I recently found a Dolomedes albineus that I thought was dead, but she still could move her spinnerets, make silk, and slightly move her legs and chelicerae. I think she might’ve been paralyzed by a wasp, because of these minor movements and possible puncture on the ventral opisthosoma/abdomen from the wasp’s sting. I have already given her water to drink (by placing a drop on her mouth) and she drank it all. I have never cared for a paralyzed spider before - any tips to help her recover?
(I know she won’t last way too long since she’s already mature, but I thought I should try to help a spider that was seemingly abandoned by a wasp.)
Most likely there’s a wasp egg in the spider. When it hatches, the larva will eat the spider. The spider was paralyzed, instead of killed, so it would still be fresh when the young wasp hatched.
Chances of recovery for the spider are zero.
For a spider the size, I would think a large wasp would be the only to take it on, which seem to bring the spiders back to their nests. I found the spider healthy, and then not a couple days later, so maybe I could be wrong about it being stung, and instead it could just be sick? I’m not sure.
Doesn’t have to be a large wasp. Poison is a common weapon of the small against the large. Not all, or even most, wasps bother with nests. Some just leave their paralyzed egg hosts where they find them. Or it could be some other injury. Either way, your choices are put it out of its misery now or let nature take its course.

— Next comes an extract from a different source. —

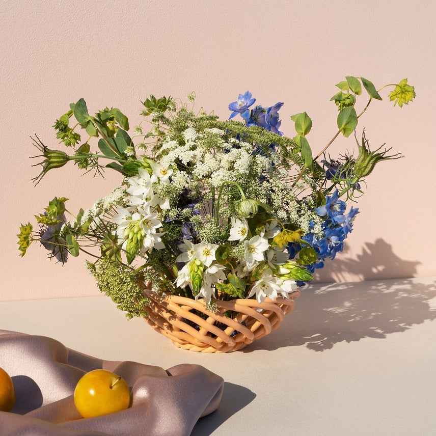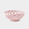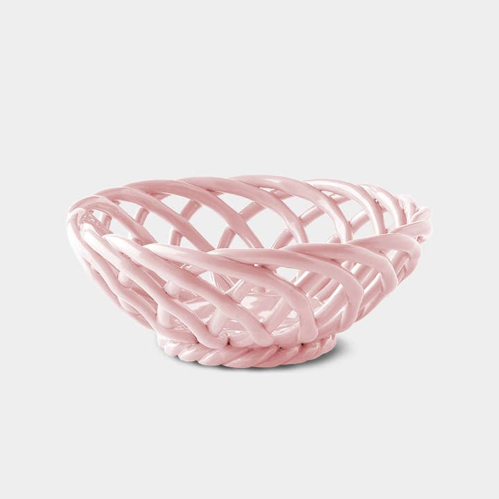 Each basket is made of delicately woven earthenware, creating a striking swirled pattern. This visual fluidity is enhanced by a fine, glossy glaze in contemporary colors.

Arthropods can generally live quite long without food. You could provide enough moisture and see if anything hatches out. If a wasp does hatch out, you might be able to ID it and would then know a host/parasite interaction. Many of these aren’t known yet, and it might be enough to publish a note if the relationship was novel.
I have seen startled wasps drop paralyzed spiders before laying an egg. There are also reports of successfully rehabbing those spiders on reddit, especially from people claiming that’s how they got their pet tarantula
Presumably, it would involve keeping them alive until the spider’s metabolism breaks down the poison. That would not have time to happen if there was a wasp larva inside (because it would finish eating the spider first), but if there was no larva, it should theoretically be possible.
Don’t conflate pompilid spider wasps with the behaviors of other kinds of parasitoid wasps like braconids. The kinds of wasps that target these larger spiders don’t lay an egg until the spider is tucked away in a burrow; and furthermore the egg is external, not internal. I believe the larva would also feed externally.
There are records of people feeding paralyzed spiders water until they recover (taking anywhere from hours to weeks), but from what I can see it is unpredictable whether or not they can recover full movement.
Yeah, a colleague in Arizona who I trust nursed a paralyzed tarantula but they said it took months for the spider to recover full mobility.